# A Router Bit For Cutting Coves



## Jerry Bowen (Jun 25, 2011)

Does anybody out there have any idea of where I get a bit that will not burn or at least burn mimimally when cutting oak and/or ash. The bit that I have now just drive me nuts when cutting a cove into the face of a picture frame made of oak or ash. I have tried keeping the speed of the feed constant without stopping, making very shallow cuts but there are always small burn spots before I get through. I am going to abandon cutting coves in the faces of picture frames if I can't find a bit that will not burn.

Jerry Bowen
Colorado City, TX


----------



## jw2170 (Jan 24, 2008)

Jerry Bowen said:


> Does anybody out there have any idea of where I get a bit that will not burn or at least burn mimimally when cutting oak and/or ash.
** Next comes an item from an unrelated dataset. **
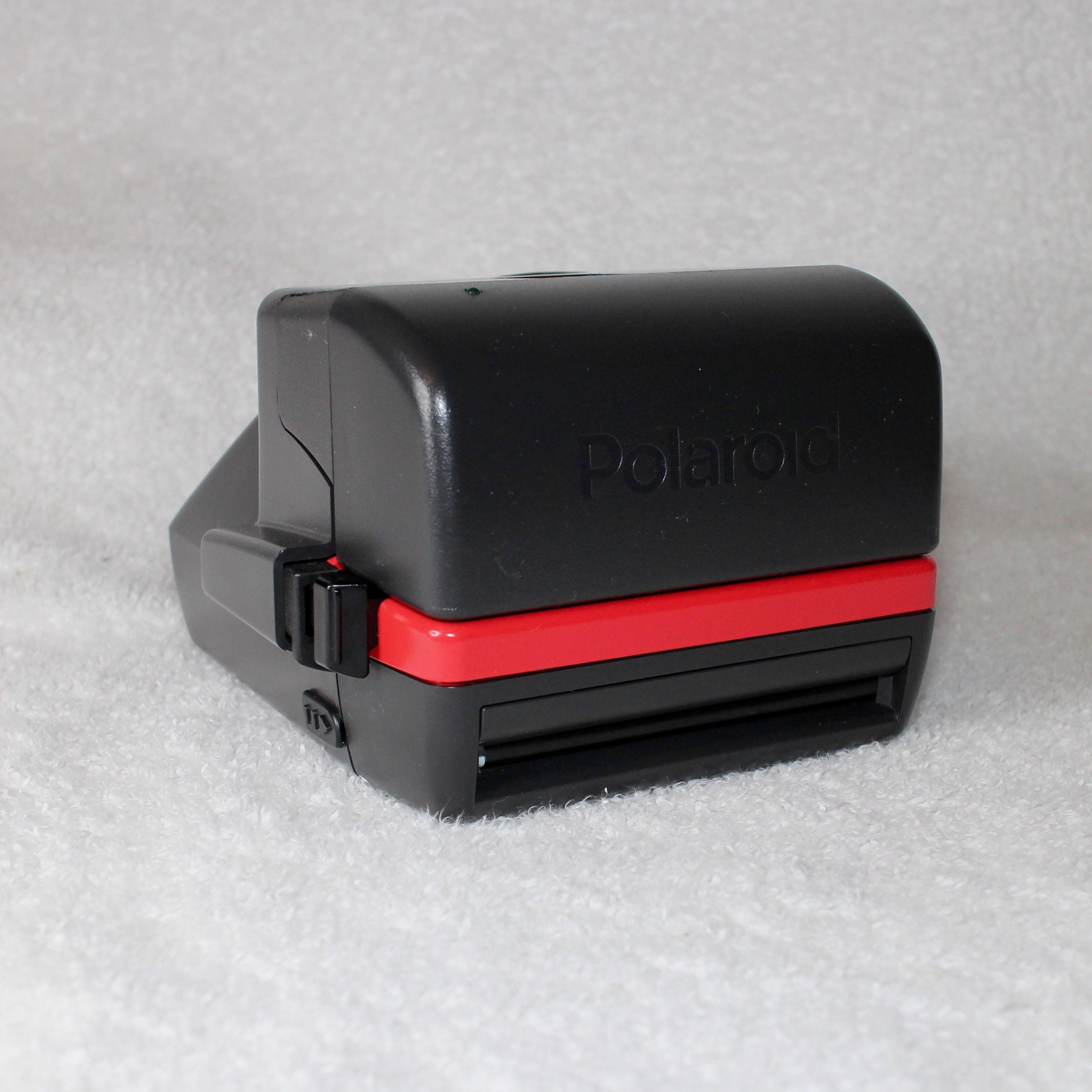 This is a vintage Polaroid 600 OneStep. Opening the camera reveals the lens, flash, close-up lens and light/dark adjustment slider. I cleaned the lenses and viewfinder, cleared out the internal workings of the vintage dust, tested and replaced internal mechanical components as needed, cleaned the rollers, and then updated the face of the camera with Red and a Brushed Silver.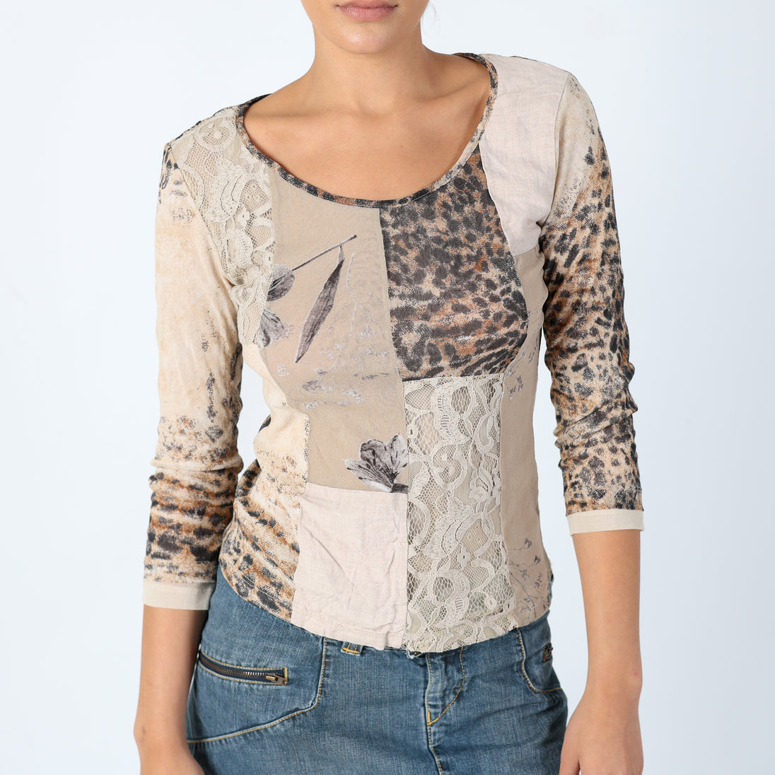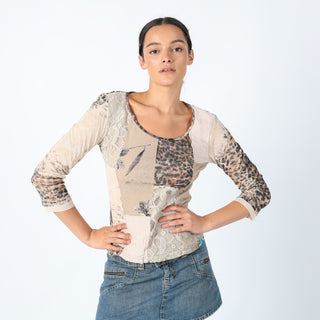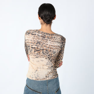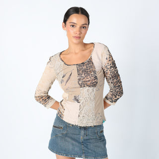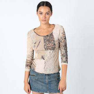 Tan 90s niceconnection Mesh Top Euro Summer, Chic Print (M)

The bit that I have now just drive me nuts when cutting a cove into the face of a picture frame made of oak or ash. I have tried keeping the speed of the feed constant without stopping, making very shallow cuts but there are always small burn spots before I get through. I am going to abandon cutting coves in the faces of picture frames if I can't find a bit that will not burn.
> 
> Jerry Bowen
> Colorado City, TX


Hi Jerry.

How old is the bit? Could it do with a clean or sharpening?

As well as the feed rate, have you tried on a slower router speed?


----------